Twenty-five infants with bilateral cleft lip were photographed in two different positions. Twenty-three anthropometric landmarks were selected and used for the analysis. Wilcoxon signed rank test was used for comparing the obtained values.
Lip width was significantly broader (3.0 mm in average, p < 0.01) in the supine operative position, whereas no significant differences were found in both lip length and height between the two positions. The cleft width was significantly broader (1.18 mm, p < 0.05) after setting the operative position. No significant changes were observed for the nose elements.
The lip and the cleft width became broader, while the nose elements did not change after setting the operative position. We believe these changes are due to the effects of both gravity and the relaxation of the musculature under general anesthesia.
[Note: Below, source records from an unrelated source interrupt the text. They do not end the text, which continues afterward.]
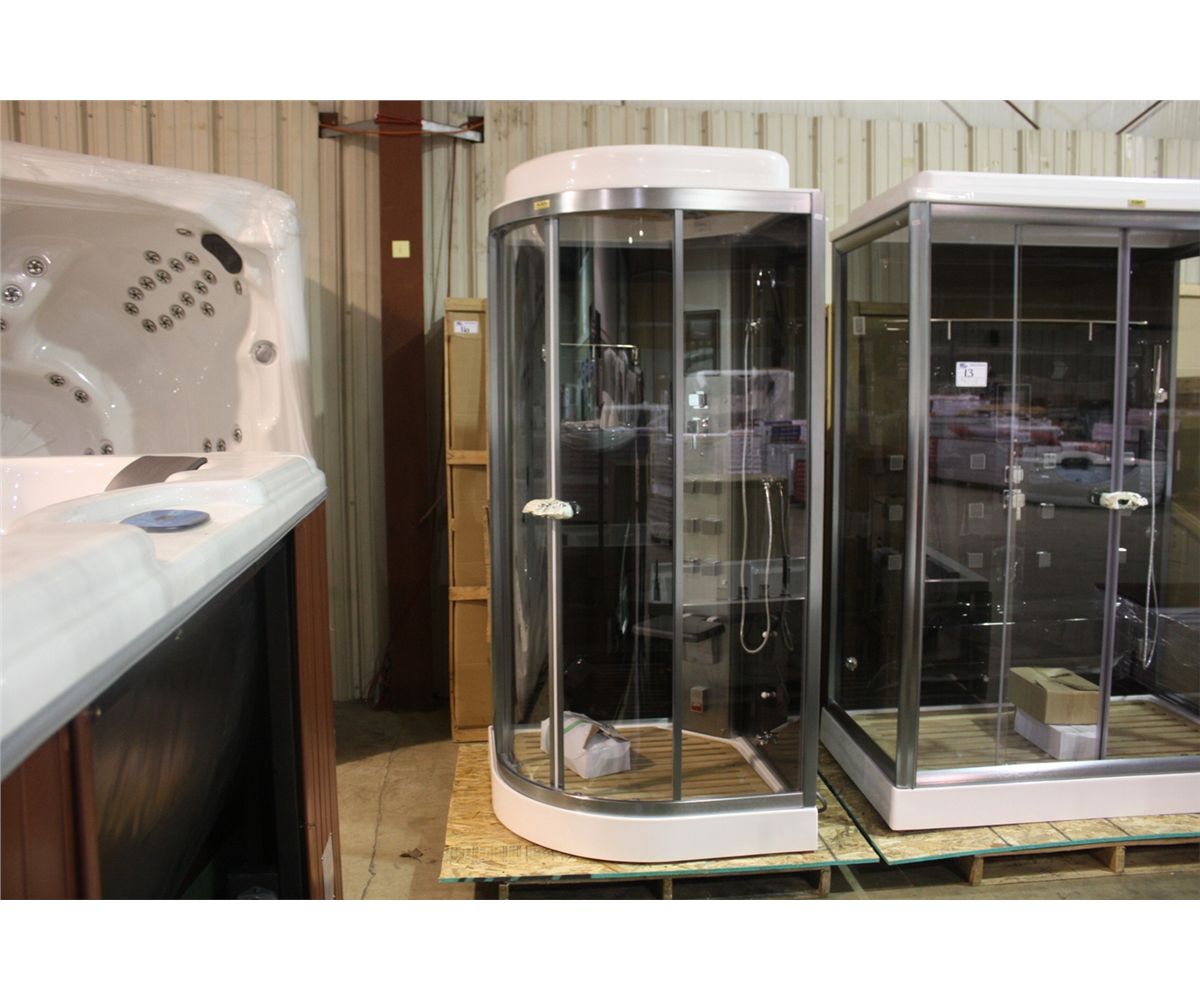 SERENITY CORNER STEAM SHOWER INC.: 6 BODY SPRAYS, OZONE SELF CLEANING SYSTEM, RAINWATER SHOWER HEAD, AROMATHERAPY, FOLDING SEAT, MARINE GRADE S.S. FIXTURES, TOUCH SCREEN CONTROL PANEL, MARINE SPEAKER, EXHAUST FAN AND MORE...(FLOOR MODEL)
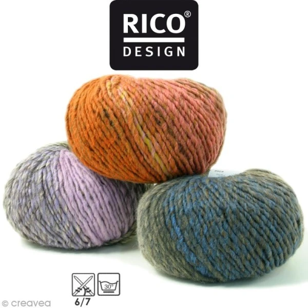Données techniques pour Laine Rico Design – Creative melange chunky – 50 gr – 53% laine vierge 47% acrylique
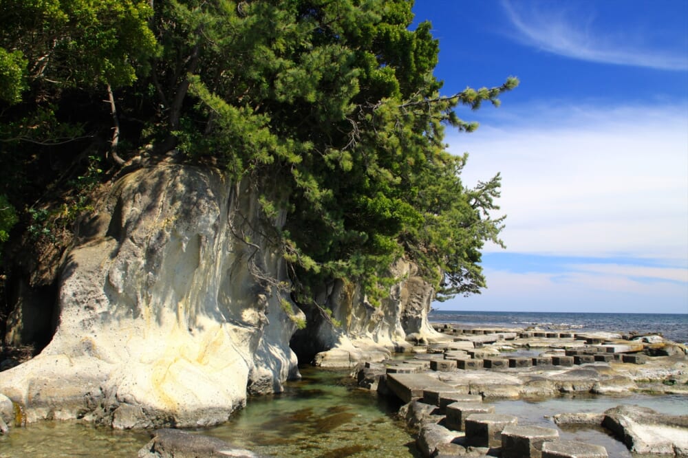 日差しが差し込むと海底まで光が届き、ゆらゆらと揺れる海藻や岩肌の模様が見えるほどの美しさでも知られています。
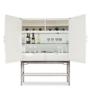 Elegante mueble bar con un diseño moderno y funcional. Perfecto para almacenar y exhibir tus bebidas y copas. - Combinación de acabados en blanco y plateado. - Estructura robusta de metal y madera. - Superficies de cristal para un toque sofisticado.
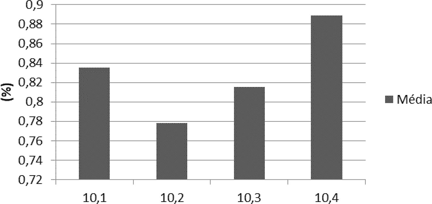 Verifica-se também a média de divulgação dos três anos em relação a cada item do bloco (Gráfico 8). Ficou demonstrado que o item 10.4 ao qual se refere a ganhos ou perdas referentes a ajustes do valor justo possui uma média de divulgação maior entre os quatro itens analisados, em que foram observados sempre ganhos que se entendem como uma valorização das propriedades para investimento. O item com a menor média de divulgação foi o 10.2 ao qual se refere a adições resultantes de aquisições por intermédio de combinação de negócios.

This data could be useful in providing more complete information for surgeons planning bilateral cleft lip treatment.
Level of Evidence: Level IV, diagnostic study.
KeywordsCleft lip Three-dimensional anthropometry Body position Facial soft tissue
Compliance with ethical standards
Conflict of interest
Nirina A. J.V. Mandrano, Daichi Morioka, Yasuyoshi Tosa, Nobuhiro Sato, Erica Masuda, Fumio Ohkubo, and Shinya Yoshimoto declare that they have no conflict of interest.
Parents provided written consent before patient’s inclusion in this study. Additional consent was provided for the use of their images.
This study was approved by the ethical committee of Showa University and therefore has been performed in accordance with the ethical standards as laid down in the 1964 Declaration of Helsinki and its later amendments or comparable ethical standards.
This study did not receive any forms of funding.